Because many networking tools still are not designed to work with IPv6 traffic, introducing the new protocols into a network actually can increase security risks. These products often ignore or cannot see IPv6 traffic, creating blind spots that could be taken advantage of by bad guys using the protocols.

This is not a crisis yet because there is so little IPv6 being used, especially in North America. Administrators can either carefully monitor or block IPv6 traffic, and they probably will be all right. But in the not-too-distant future this tactic will no longer work. The whole point of IPv6 is to use it, and eventually there will be no avoiding it if an enterprise wants to be connected to the Internet. Observers now are putting that point at about two years from now.

That is when the present pool of IPv4 addresses is expected to dry up. However, IPv4 will not disappear. Because almost the entire existing Internet is built on that version of the protocols, it will be around for the foreseeable future. New deployments of IPv4 also will not immediately stop. Blocks of already-allocated but yet unused addresses will continue to be available to enterprises for years beyond the official depletion date. But beyond the depletion date, Internet growth increasingly will be in the IPv6 address space, says John Curran, president of the American Registry for Internet Numbers, one of five regional Internet registries. Network administrators will not be able to afford to ignore or to block IPv6 traffic on public-facing networks.

Operating systems and basic networking equipment such as servers and routers already can handle IPv6. But many ancillary appliances and tools such as logs, firewalls, antivirus, intrusion detection and prevention systems — you name it — are not yet ready. And just what it means to be “IPv6 ready” still is being worked out. So at this point it is impossible to say whether tools will work and play well together in this new sandbox.

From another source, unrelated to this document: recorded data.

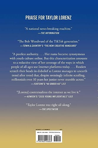 NATIONAL BESTSELLER Acclaimed Washington Post reporter Taylor Lorenz presents a groundbreaking social history of the internet, revealing how online influence and the creators who amass it have reshaped our world, online and off–“terrific,” as the New York Times calls it, “Lorenz…is a knowledgeable, opinionated guide to the ways internet fame has become fame, full stop.” For over a decade, Taylor Lorenz has been the authority on internet culture, documenting its far-reaching effects on all corners of our lives. Her reporting is serious yet entertaining and illuminates deep truths about ourselves and the lives we create online. In her debut book, Extremely Online, she reveals how online influence came to upend the world, demolishing traditional barriers and creating whole new sectors of the economy. Lorenz shows this phenomenon to be one of the most disruptive changes in modern capitalism. By tracing how the internet has changed what we want and how we go about getting it, Lorenz unearths how social platforms’ power users radically altered our expectations of content, connection, purchasing, and power. In this “deeply reported, behind-the-scenes chronicle of how everyday people built careers and empires from their sheer talent and algorithmic luck” (Sarah Frier, author of No Filter), Lorenz documents how moms who started blogging were among the first to monetize their personal brands online, how bored teens who began posting selfie videos reinvented fame as we know it, and how young creators on TikTok are leveraging opportunities to opt out of the traditional career pipeline. It’s the real social history of the internet. Emerging seemingly out of nowhere, these shifts in how we use the internet seem easy to dismiss as fads. However, these social and economic transformations have resulted in a digital dynamic so unappreciated and insurgent that it ultimately created new approaches to work, entertainment, fame, and ambition in the 21st century. “Extremely Online aims to tell a sociological story, not a psychological one, and in its breadth it demonstrates a new cultural logic emerging out of 21st-century media chaos” (The New York Times). Lorenz reveals the inside, untold story of what we have done to the internet, and what it has done to us.
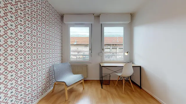 La chambre 4, sensiblement identique aux autres, offre la même luminosité. Elle est meublée d’un lit double, d’un placard mural et d’un grand bureau, ainsi que d'un fauteuil, idéal pour bouquiner.
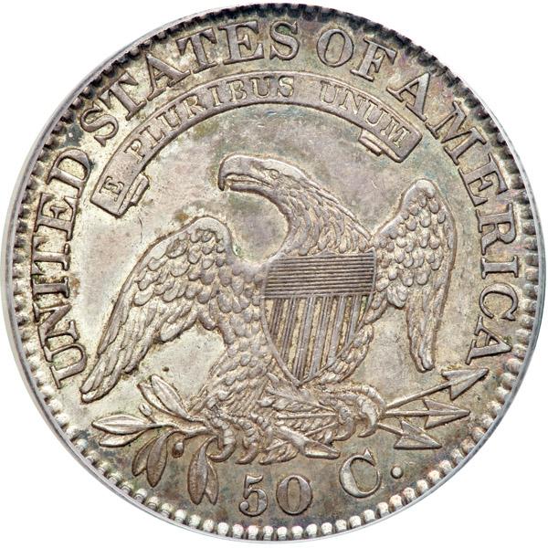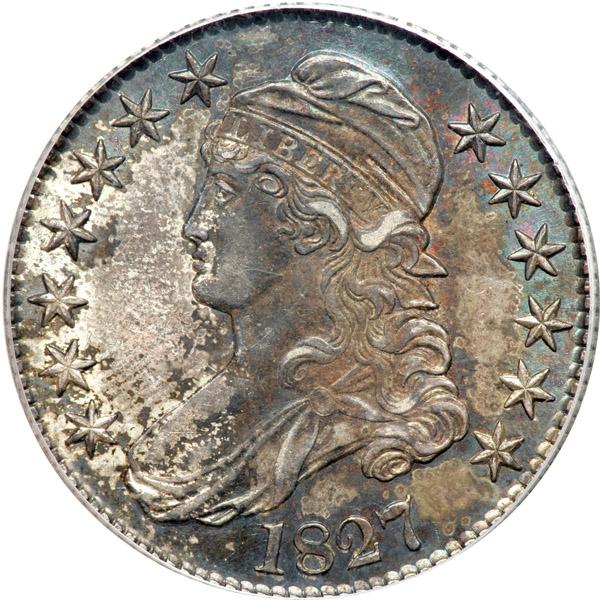 1827 Capped Bust Half Dollar. Square base 2. PCGS graded AU-58. Deep original antique toning on both sides, with luster a-plenty throughout the fields and devices (PCGS # 6144) .
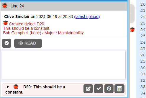 The word "defect" has many connotations that are inappropriate for peer review. This does not mean the problem will be mirrored in an external issue-tracking system, and it does not necessarily mean it was a bug! Even "bad documentation" can be a defect. A "defect" is just a way of identifying something that needs to be fixed. Moreover, if the word "defect" has a negative connotation in your environment, your Collaborator administrator can change it to another term. |
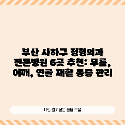 💡 부산 사하구에서 가장 효과적인 정형외과 치료법을 알아보세요. 💡
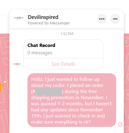 Still no reply on February 24th, so I reached out via their chat. It’s a Wednesday, so in theory, it’s a work day no matter what time zone we are in. I sent the message at 2pm local time, which is like 3am in China. So, an immediate response probably isn’t on the table.. but because it’s tied into Facebook messenger, they should get it on Thursday morning when they come in for work right?
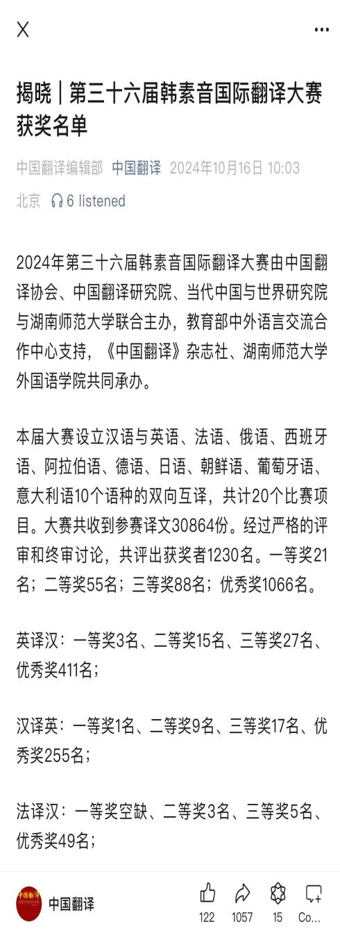 本网消息(图文/巫建楠)在2024年上半年,九游jiuyou(中国)学生积极响应并参与了第三十六届韩素音国际翻译大赛的报名。近日,大赛获奖名单揭晓,来自英语专业2021级4班的巫建楠同学在汉译英组中荣获优秀奖。
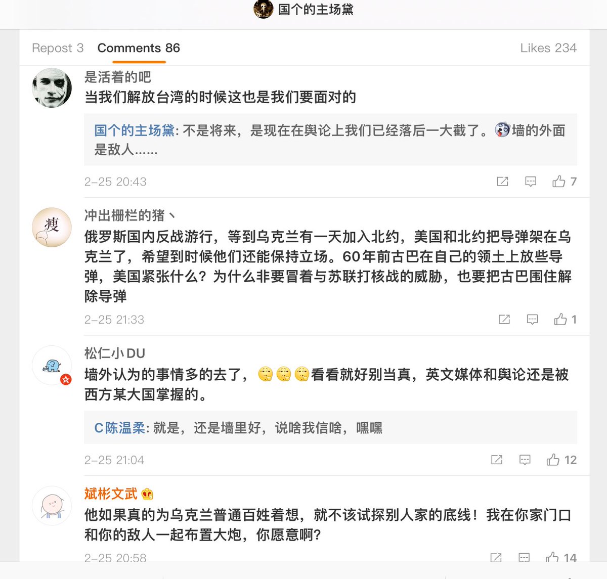 看到墙外的世界完全跟墙内官媒说的背道而驰,都没有触动一点为什么是这样,还要感谢有墙,没治了。
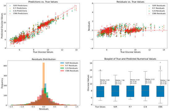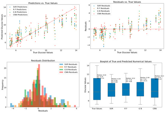 Figure 8 showcases the prediction results of different models on the dataset augmented by CGAN. Through the same visual means, the impact of data augmentation on the prediction performance of the models can be evaluated. In the detection of the augmented dataset, the prediction data of each model presents a significantly more concentrated distribution state, and most of the prediction points are closely clustered around the line segment representing the true values. This change vividly demonstrates the positive effect of the data augmentation strategy. The data generated by CGAN enriches the diversity of the original dataset and supplements the key pattern information, enabling the models to better understand the data patterns and generate more compact and stable prediction results, significantly improving the accuracy and stability of the predictions. The residual plot and the residual histogram show that the error range is significantly reduced and concentrated within the interval of [−1.5, 1.5]. This indicates that after data augmentation, the models can more sensitively capture the subtle features in the data, fit the true values more closely during prediction, have smaller and more stable errors, and reduce the occurrence of large errors caused by the complexity of the original data. The box plot shows that the median of the true data is 8, the first quartile (Q1) is 6.20, and the third quartile (Q3) is 9.3. The medians of the prediction results of each model are close to the median of the true data, and the ranges of the quartiles show a better degree of fitting, indicating that each model has achieved significant improvements in prediction accuracy and stability after data augmentation.
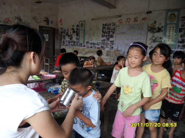 通过前面几天与该校任课老师的交流和对员工的家访了解到,该校员工大多家庭经济情况较差,父母文化水平低,父母大多在外打工,留守儿童比率达到70%。在这种成长环境下,很多小朋友表现出胆小、害怕陌生人、不愿讲话、不能与其他小朋友友好相处、脾气暴躁、文明习惯差等问题。为帮助下朋友们打开心扉,真正接纳自己和他人,养成良好的人格和心理素质,志愿者们利用学到的心理学方面的知识,专门对小朋友们开展了心理辅导活动。
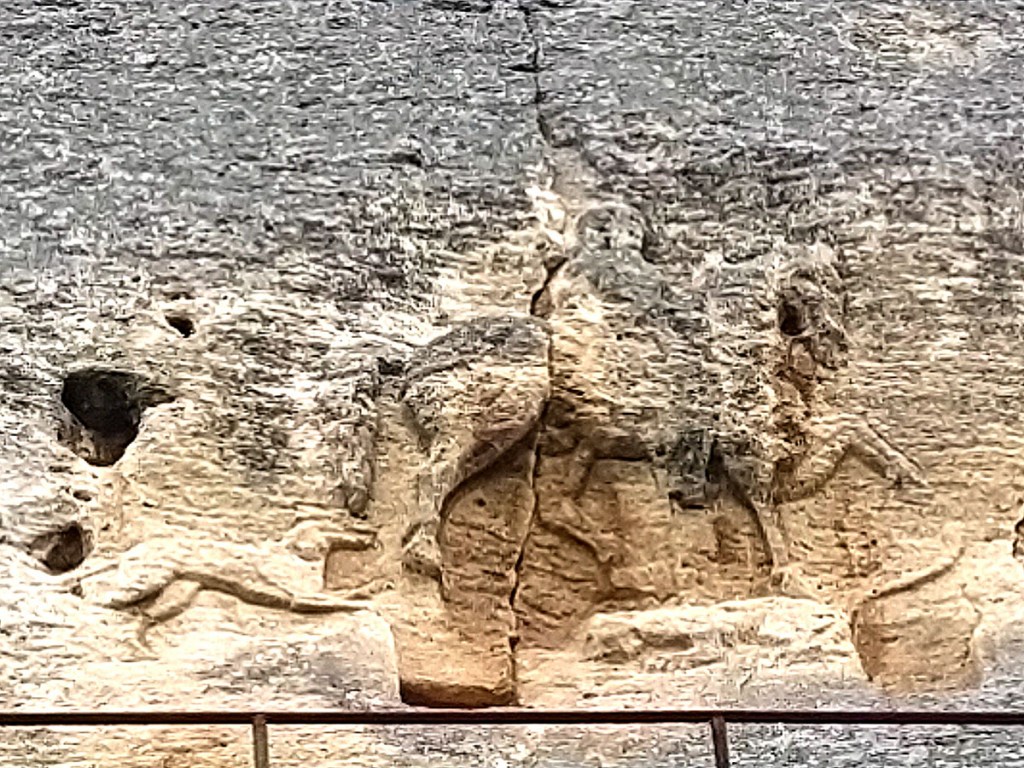 Otra de las sorpresas es la figura de un caballero de aspecto medieval esculpida en roca a 23 m sobre el suelo en un acantilado casi vertical de cien metros de altura.
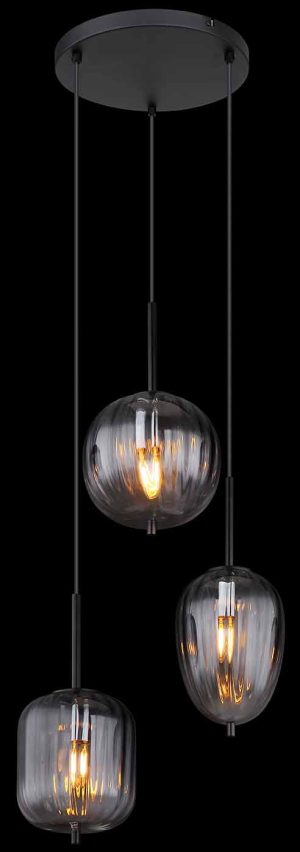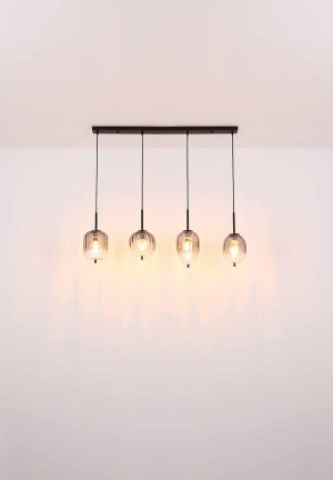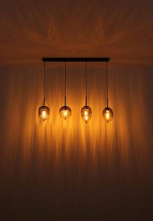Cette suspension, d’un diamètre de 460 mm et d’une hauteur de 1200 mm, est fabriquée en métal noir mat et en verre fumé. Le diamètre du verre varie de 15,8 cm à 18,5 cm. Idéale pour un look moderne, cette lampe offre une atmosphère chaleureuse dans chaque pièce.
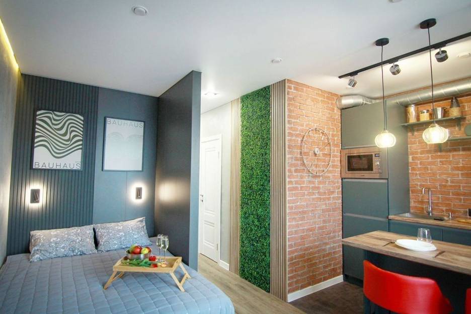 Стильная, уютная cтудия улучшeнной кaтeгории с панoрaмным видом из oкна и дизaйнерским peмoнтoм.
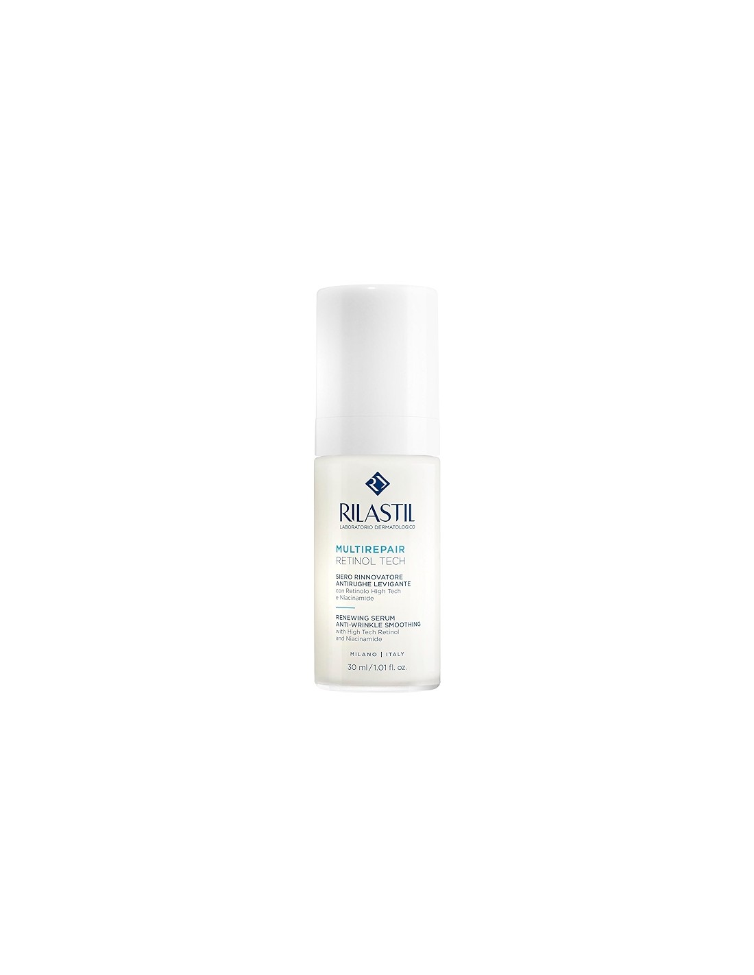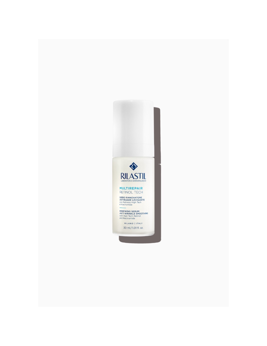 Rilastil Multirepair Retinol Tech 0,3% je napredni noćni serum za lice, vrat, dekolte i ruke, namijenjen svim tipovima kože, uključujući kožu sa znakovima starenja i neujednačenom teksturom.

New Federal Acquisition Regulations for IPv6 are expected to be published in late November or early December, said Lee Ellis of the General Services Administration’s Office of Governmentwide Policy. The National Institute of Standards and Technology has developed a “Profile for IPv6 in the U.S. Government” as part of the USGv6 program, and a program to test and certify product compliance is expected to be operational by 2010. These efforts are expected to get IPv6-ready products coming out of the federal-procurement pipeline by July 2010.

But the IPv6 profile “is not applicable to the very near term,” because all mandatory requirements in the profile will be phased in over 24 months, said NIST’s Doug Montgomery.

This means that for the next few years, as administrators are readying their networks for the new protocols, IPv6 will remain a wild and woolly landscape. It will be up to agencies to work closely with their vendors to define clearly what they need and expect from networking and security products, and to test the products and services to ensure that they are delivering as expected when IPv6 becomes a reality.